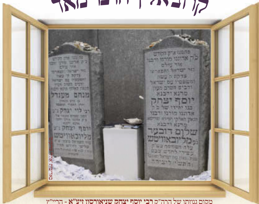
מקום גנותו של הרה"ק רבי יוסף יצחק שניאורסון זיע"א - הרייזין
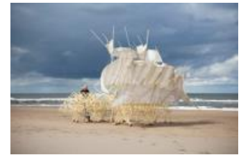
▲ストランドビースト「Animaris Plaudents Vela」

オランダの彫刻家・物理学者であるテオ・ヤンセン氏の世界的に有名な“風を食べて動く(=風力のみで生物のように可動する)”アート作品「ストランドビースト」を、商業施設として世界で初めて招致します。また、二子玉川ライズ内のデモンストレーションのみならず玉川高島屋 S・Cでも展示。テオ・ヤンセン氏本人の来場も予定しています。
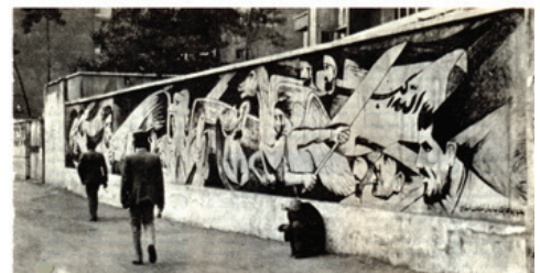
تصویر ۱۳: اثر نقاشی دیواری در خیابان انقلاب؛ نمادی از تقابل ظالم و مظلوم.
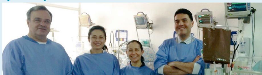
■ Los procedimientos de fertilidad en la Clínica Universidad de La Sabana tienen una tasa de éxito entre el 50% y el 85%.
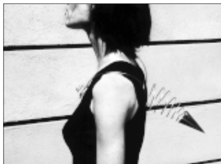
▲ L. Pavězková: „Provokace“, náhrdelník, zinek, 2002.
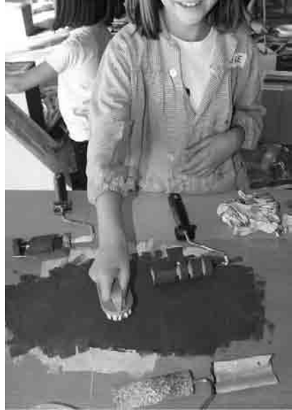
Figura 5 · En proceso: experimentado con plantillas, reservas y estampando.
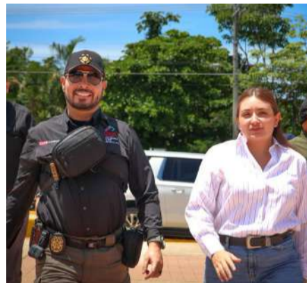
Consolidan acuerdos para fortalecer la movilidad regional

tados obtenidos en materia de seguridad y conectividad carretera, señalando que las estrategias impulsadas por el gobierno estatal han contribuido a generar mayor confianza entre la población y mejores
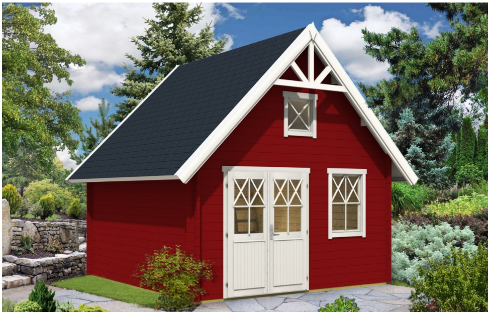
Udformning af ansøgt badehus

Eventuelle terrasser ved badeskurene må kun anlægges langs den ene side og højst i en dybde af 2,5 m og højst i samme længde som den side af badeskuret, hvor de er anlagt.
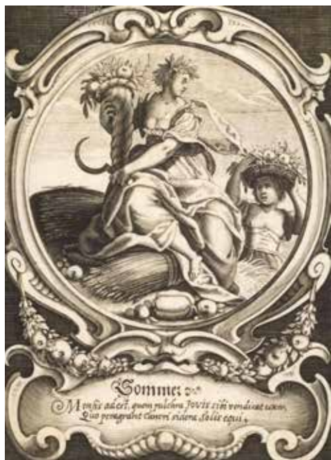
Il. 24. Raphael Custos, Cztery pory roku. Lato , Herzog Anton Ulrich-Museum w Brunshwiku, fot. domena publiczna
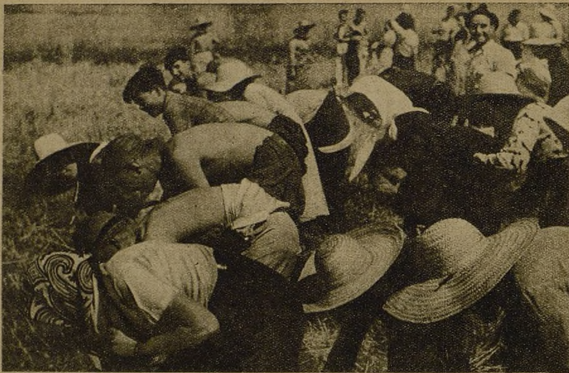
Los segadores delante, detrás los espigadores. La juventud de la ciudad ayuda a los campesinos. La consigna es: "A ver quien recoge más"

= = = = =

What the exercise asks | Copy out the data verbatim, with no pictures.

Response area |
מקום גנותו של הרה"ק רבי יוסף יצחק שניאורסון זיע"א - הרייזין
▲ストランドビースト「Animaris Plaudents Vela」

オランダの彫刻家・物理学者であるテオ・ヤンセン氏の世界的に有名な“風を食べて動く(=風力のみで生物のように可動する)”アート作品「ストランドビースト」を、商業施設として世界で初めて招致します。また、二子玉川ライズ内のデモンストレーションのみならず玉川高島屋 S・Cでも展示。テオ・ヤンセン氏本人の来場も予定しています。
تصویر ۱۳: اثر نقاشی دیواری در خیابان انقلاب؛ نمادی از تقابل ظالم و مظلوم.
■ Los procedimientos de fertilidad en la Clínica Universidad de La Sabana tienen una tasa de éxito entre el 50% y el 85%.
▲ L. Pavězková: „Provokace“, náhrdelník, zinek, 2002.
Figura 5 · En proceso: experimentado con plantillas, reservas y estampando.
Consolidan acuerdos para fortalecer la movilidad regional

tados obtenidos en materia de seguridad y conectividad carretera, señalando que las estrategias impulsadas por el gobierno estatal han contribuido a generar mayor confianza entre la población y mejores
Udformning af ansøgt badehus

Eventuelle terrasser ved badeskurene må kun anlægges langs den ene side og højst i en dybde af 2,5 m og højst i samme længde som den side af badeskuret, hvor de er anlagt.
Il. 24. Raphael Custos, Cztery pory roku. Lato , Herzog Anton Ulrich-Museum w Brunshwiku, fot. domena publiczna
Los segadores delante, detrás los espigadores. La juventud de la ciudad ayuda a los campesinos. La consigna es: "A ver quien recoge más"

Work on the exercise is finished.